## Brief
The listing that follows must be retyped exactly, without its pictures.

## Provided data
● ● ●
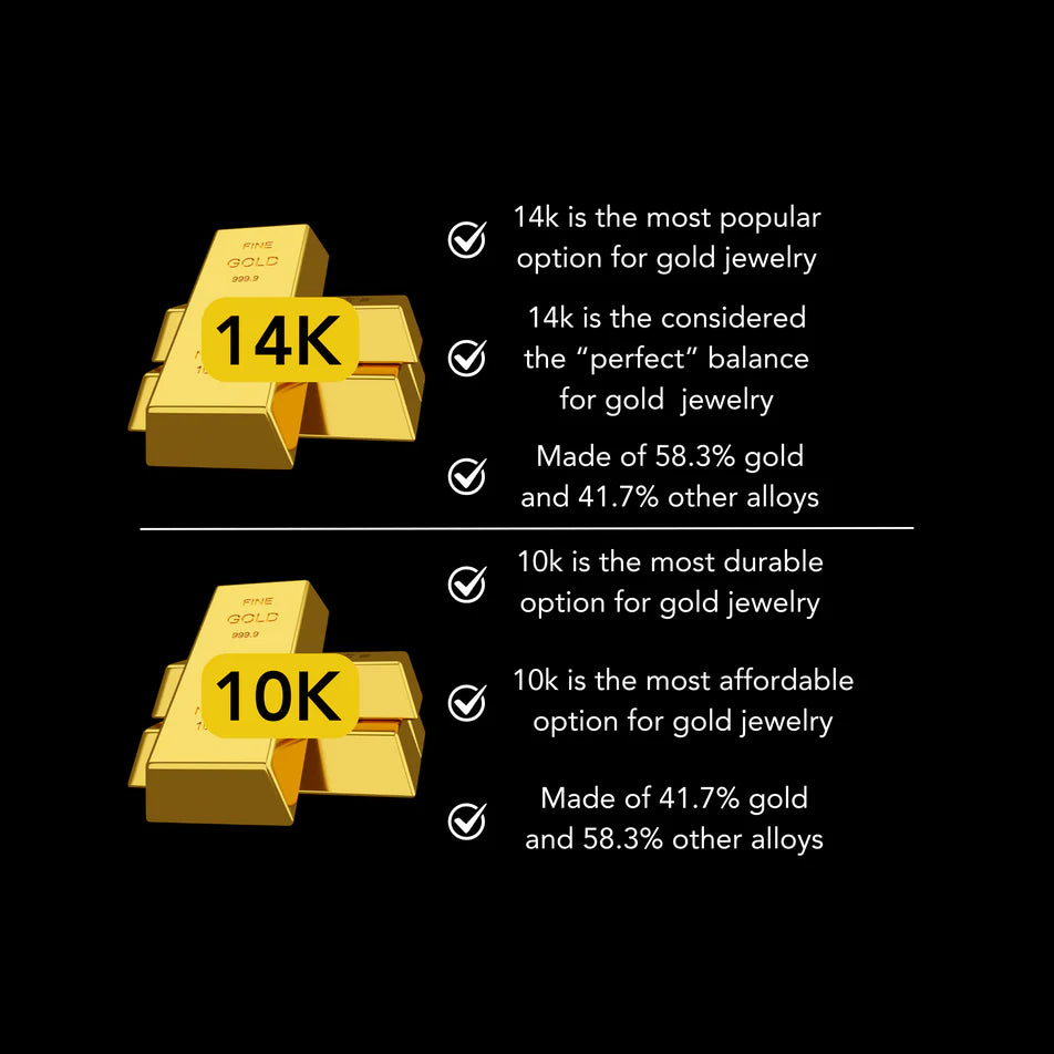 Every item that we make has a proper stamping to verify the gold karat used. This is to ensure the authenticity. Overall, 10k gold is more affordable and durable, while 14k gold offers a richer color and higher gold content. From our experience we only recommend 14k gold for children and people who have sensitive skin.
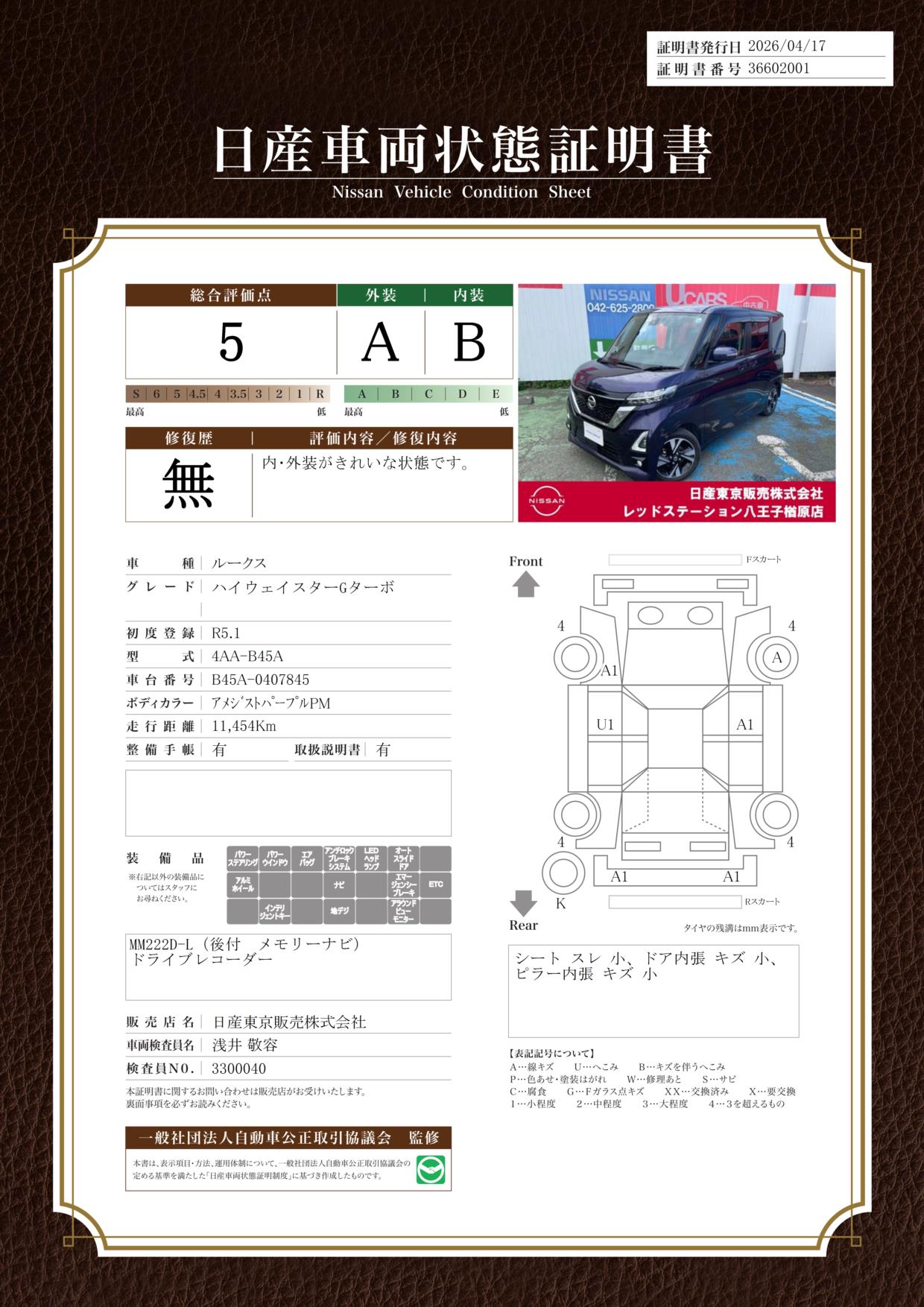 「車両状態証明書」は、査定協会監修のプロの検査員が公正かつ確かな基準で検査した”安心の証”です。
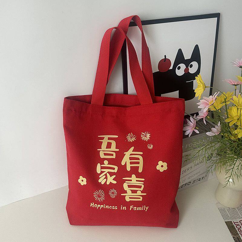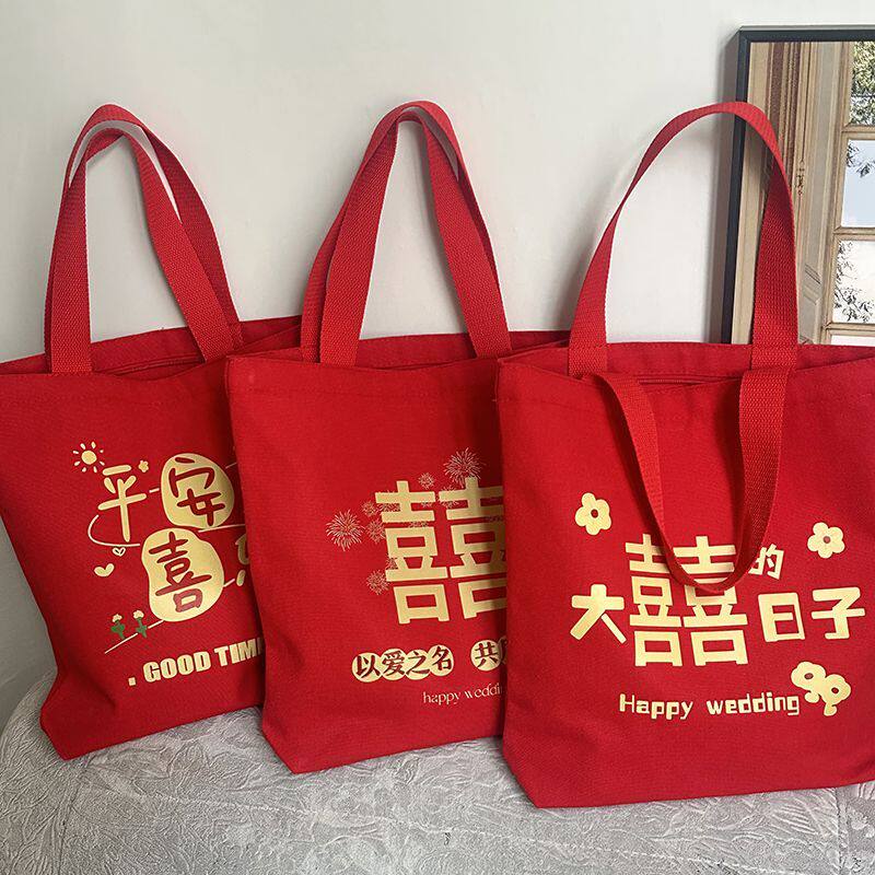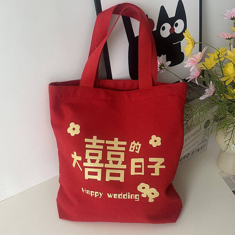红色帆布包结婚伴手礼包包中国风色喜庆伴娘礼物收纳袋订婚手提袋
● ● ●
## Solution
 Every item that we make has a proper stamping to verify the gold karat used. This is to ensure the authenticity. Overall, 10k gold is more affordable and durable, while 14k gold offers a richer color and higher gold content. From our experience we only recommend 14k gold for children and people who have sensitive skin.
 「車両状態証明書」は、査定協会監修のプロの検査員が公正かつ確かな基準で検査した”安心の証”です。
红色帆布包结婚伴手礼包包中国风色喜庆伴娘礼物收纳袋订婚手提袋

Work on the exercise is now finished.